INFO:graphcat.common:Task A executing. Inputs: {} Extent: None
INFO:graphcat.common:Task A finished. Output: [0 1 2 3 4 5 6 7]
INFO:graphcat.common:Task B finished. Output: [ 0  1  4  9 16 25 36 49]

[2]:

array([ 0,  1,  4,  9, 16, 25, 36, 49])

That looks pretty familiar - when requested, task “A” returns the array we used to initialize it, and task “B” computes the square of each value from “A”. We can see some new output in the logs, but otherwise everything is working the way it would with static and dynamic graphs.

What if the array was much larger, or task “B” was something truly time consuming, so that we wanted to perform an operation on just a subset? This is what streaming graphs were meant for. To do so, they allow us to specify “extents”, which define the subset of a task’s output that we want:

[3]:

graph.output("B", extent=graphcat.ArrayExtent[0:4])

INFO:graphcat.common:Task B updating.
INFO:graphcat.common:Task B executing. Inputs: {None} Extent: slice(0, 4, None)
INFO:graphcat.common:Task A updating.
INFO:graphcat.common:Task A executing. Inputs: {} Extent: slice(0, 4, None)
INFO:graphcat.common:Task A finished. Output: [0 1 2 3]
INFO:graphcat.common:Task B finished. Output: [0 1 4 9]

[3]:

array([0, 1, 4, 9])

There’s a lot to unpack here. First, we specified an extent when we called output. An extent (which can only be used in streaming graphs) is any Python object that can be used by a task to specify a subset of its output. In this case, we used graphcat.ArrayExtent, which can be thought of as a factory for creating extents that request a subset of an array using standard Numpy indexing. Here, we are requesting the first four values from the array (ArrayExtent[0:4]).

Next, the extent is passed to the task function, which in this case is our squared function. Looking back at the function source:

def squared(graph, name, inputs, extent):
    return numpy.power(inputs.getone(None, extent), 2)

… we see that the function takes a mandatory fourth argument - extent. This is an important point when working with streaming graphs: the task functions must be written to accept the “extent” argument along with the standard “graph”, “name”, and “inputs” arguments, and do something with the extent information.

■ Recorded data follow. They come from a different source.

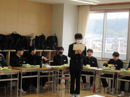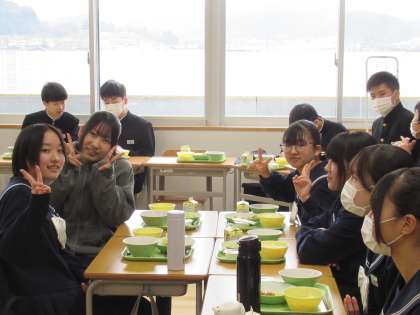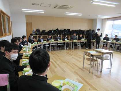 義務教育最後の給食です。何回食べてきたでしょう。みんなと食べた給食は、とても美味しかったですね。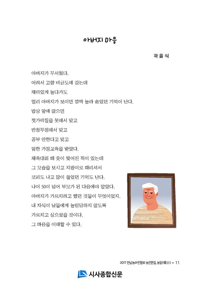 À̹ø¿¡ â°£ÇÑ ¡®³ó´ã(ÖìÓÈ)¡¯Àº ³óÀÎ(û°¢Àå¾ÖÀÎ)µéÀÇ À̾߱â¶ó´Â Àǹ̷ΠÀü¶ó³²µµ ³» ³ó¾ÆÀεéÀÇ ½Ã, »ê¹®, Æò·Ð µî ´Ù¾çÇÑ ¹®ÇÐÀÛǰÀÌ ´ã°ÜÀÖ´Ù. ±è´ëÈ£ ÀÛ°¡¿Í À̼Áø(±¹¾î±¹¹®Çаú 3) ÇлýÀÌ ³ó¾ÆÀεéÀÇ ¼Õ°ú ±Í°¡ µÇ¾î ±×µéÀÇ ¹®ÇÐÀû °¨¼ö¼ºÀ» ´ã¾Æ³Â´Ù.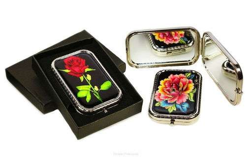 Cindy Косметическое зеркало, квадрат, цветы на черном фоне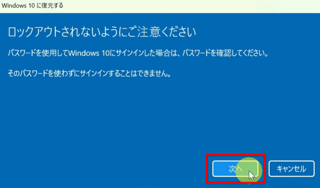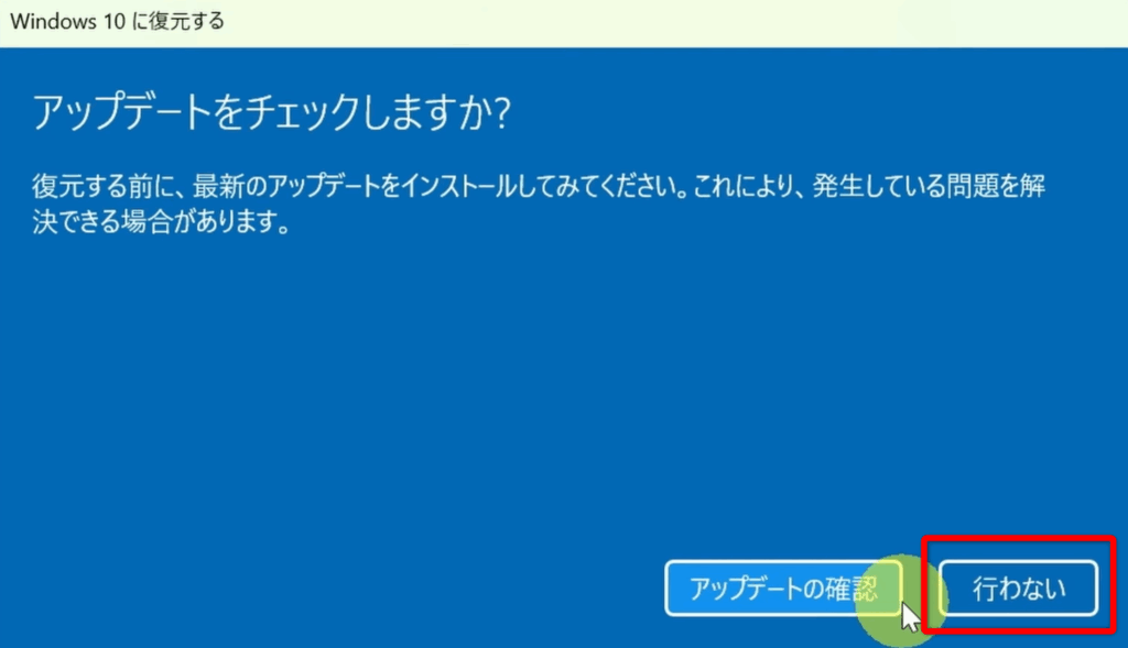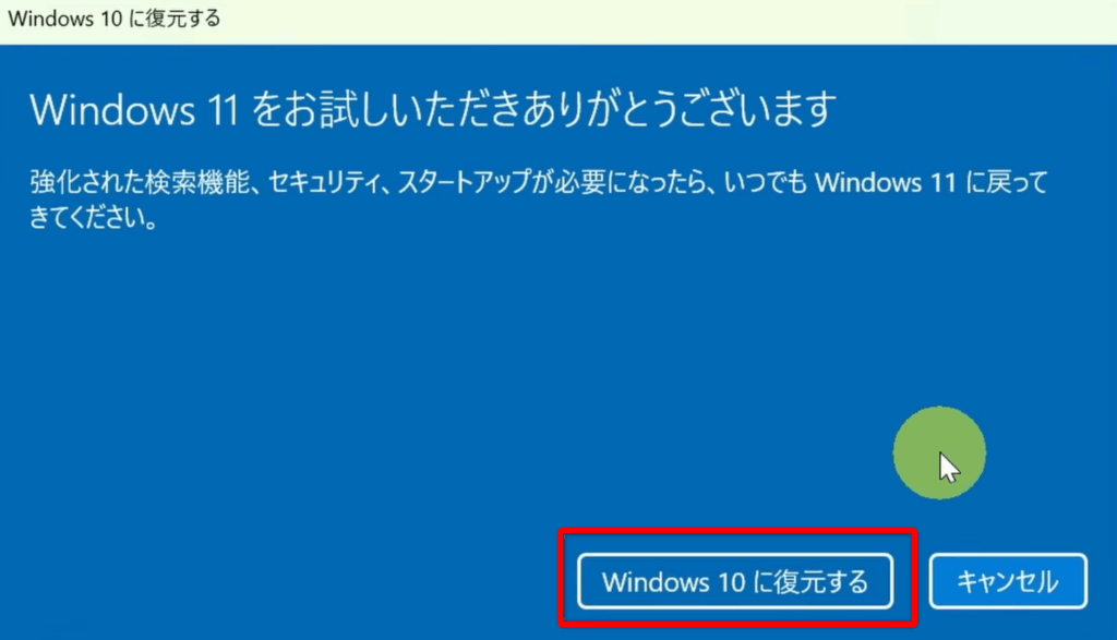 「Windows10に復元する」をクリックする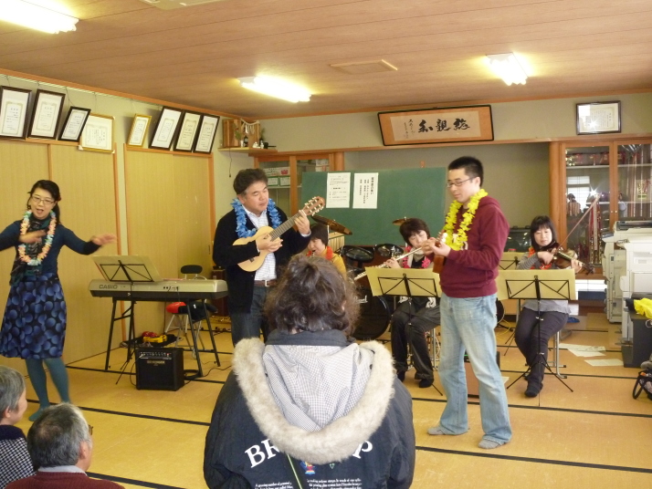 きのうはおつかれさまでした。練習不足でいっぱい間違えましたが、他のメンバーの演奏がすばらしくて、「春なのに」はマラカスの手がとまるくらい聴き入ってしまいました。とてもよかったです。水戸黄門のセリフもドッと笑いがあり、アロハオエもたくさんの人が一緒に踊りに参加してくださり、ウクレレのたけしさんやかずやさんも前に出て一緒に踊ってくれて、本当に楽しく盛り上がることができました。最後に「アロハ〜」のセリフを言い忘れてしまうほどでした。「幸せなら手をたたこう」も観客参加型が2曲続けてあってよかったです。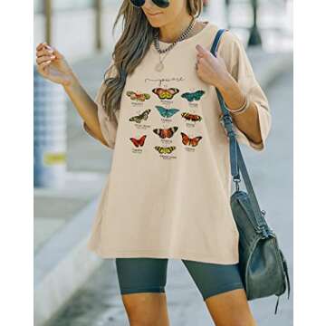 TAKEYAL Oversized T-Shirts for Women Short Sleeve Butterfly Graphic Bible Printed Loose Casual Tees Christ Shirt Tops Apricot S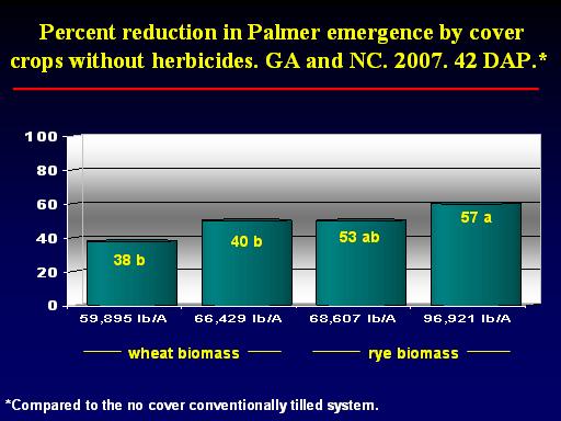 Percent reduction in Palmer emergence by cover crops without herbicides. GA and NC. 2007. 42 DAP.*<BR>*Compared to the no cover conventionally tilled system.<BR>38 b<BR>53 ab<BR>40 b<BR>57 a<BR>wheat biomass<BR>rye biomass<BR>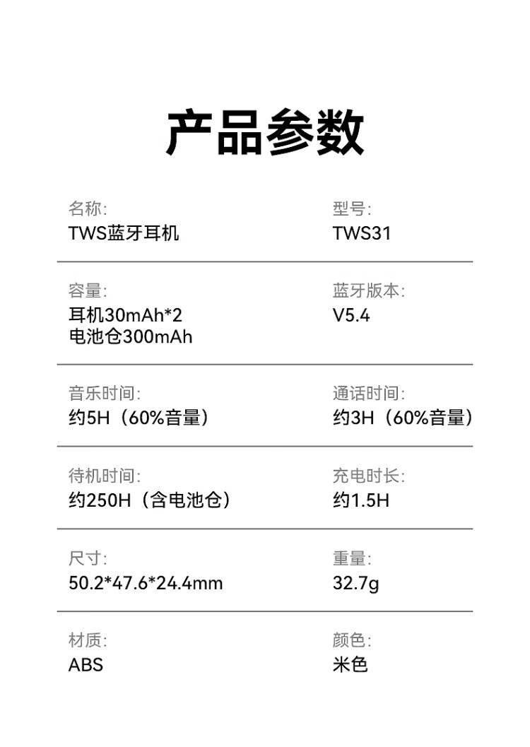 商品名称:沃品 TWS蓝牙耳机 TWS31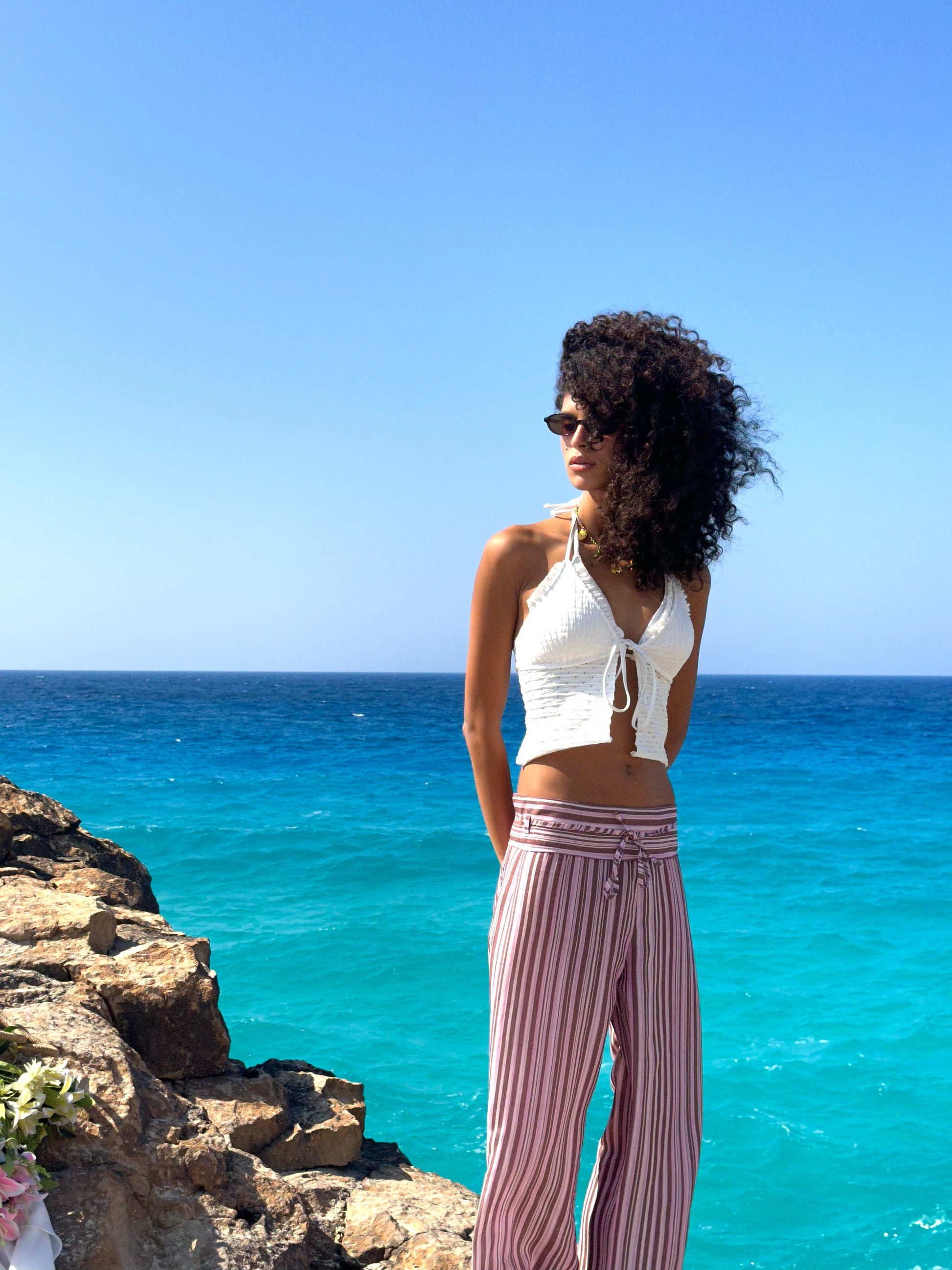 Brunrosa - combines rich brown with soft baby pink shades inspired by gentle sunsets. Lightweight and breathable, ideal for a cozy yet chic look all day long.

In the case of the squared function, the extent is simply passed-along in the call to inputs.getone(None, extent) … in other words, squared is counting on the upstream task providing its input to know what to do with the extents object.

This is why we used graphcat.array to implement task “A”, because it knows how to use the extent returned by graphcat.ArrayExtent, using it to return a subset of the stored array.

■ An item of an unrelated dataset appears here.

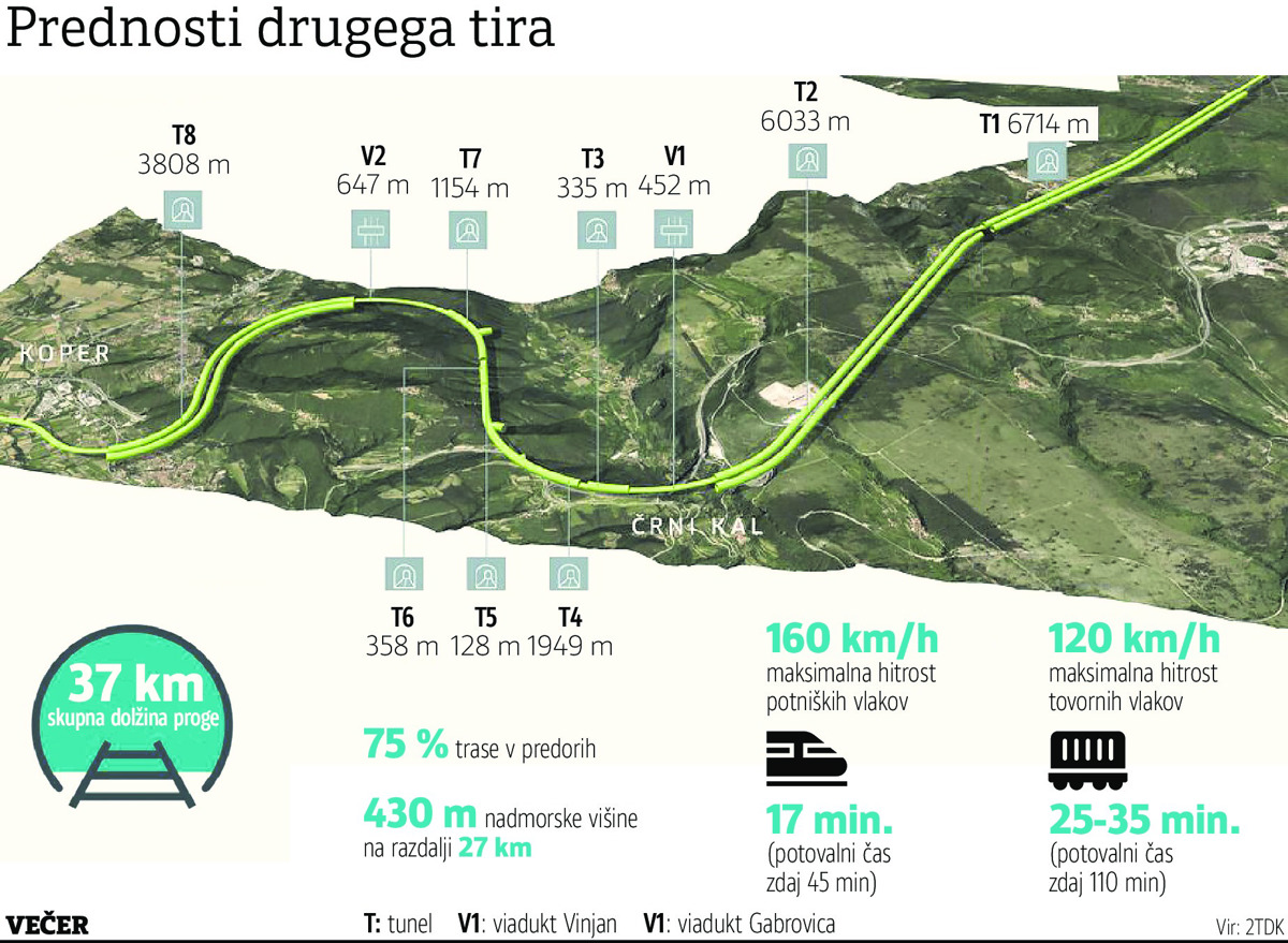 Po četrt stoletja priprav in zapletov se je s podpisom pogodb z izvajalci glavnih del pri projektu Drugi tir med Divačo in Črnim Kalom gradnja le začela na celotni trasi. Kot je znano, je oba posla dobil domači gradbinec Kolektor CPG. S turškima podjetjema Yapi Merkezi in Özaltin bo za 403,6 milijona evrov zgradil odsek Divača-Črni Kal. Glavna dela na odseku med Črnim Kalom in Koprom, ki že tečejo, pa bo opravil za 224,7 milijona evrov. Potem ko so nadzorniki družbe 2TDK potrdili novelirani investicijski program, znaša po novem nižja ocenjena vrednost drugega tira 997 milijonov evrov, to je za 50 milijonov evrov manj. Trasa bo dolga 27,1 kilometra, na njej bo kar osem predorov, dva viadukta in ena galerija.

That subset is returned by task “A”, and task “B” computes the squares as requested.

Note that, as with static and dynamic graphs, streaming graphs don’t execute tasks unless they have to. For example, if we ask for the same data again, using the same extent:

[4]:

graph.output("A", extent=graphcat.ArrayExtent[0:4])

INFO:graphcat.common:Task A updating.

[4]:

array([0, 1, 2, 3])

… we get the same result, but the tasks haven’t been executed again. If we use a different extent:

[5]:

graph.output("A", extent=None)

INFO:graphcat.common:Task A updating.
INFO:graphcat.common:Task A executing. Inputs: {} Extent: None
INFO:graphcat.common:Task A finished. Output: [0 1 2 3 4 5 6 7]

[5]:

array([0, 1, 2, 3, 4, 5, 6, 7])

… then the tasks are executed. Note from the above that when you use None as an extent, it means “return everything”. None is the default extent everywhere in the API that extents are used, so the default behavior of streaming graph methods is to behave exactly like static and dynamic graphs.

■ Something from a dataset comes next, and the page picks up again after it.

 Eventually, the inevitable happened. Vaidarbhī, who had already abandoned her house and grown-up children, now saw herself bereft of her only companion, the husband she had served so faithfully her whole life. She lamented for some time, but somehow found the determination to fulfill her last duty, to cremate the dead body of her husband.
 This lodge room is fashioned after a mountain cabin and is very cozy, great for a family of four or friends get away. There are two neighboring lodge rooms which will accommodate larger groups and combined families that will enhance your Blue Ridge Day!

Note that ArrayExtent is just one example of an extent. You can use any Python object as an extent, so long as your task functions know how to make use of it. You could use a string containing an filepath or an SQL query as an extent, or a tuple containing a range of timestamps.

Furthermore, your task functions are free to modify or replace extents - for example, a task function that performs convolutional filtering on arrays would need to grow an incoming extent to avoid edge effects.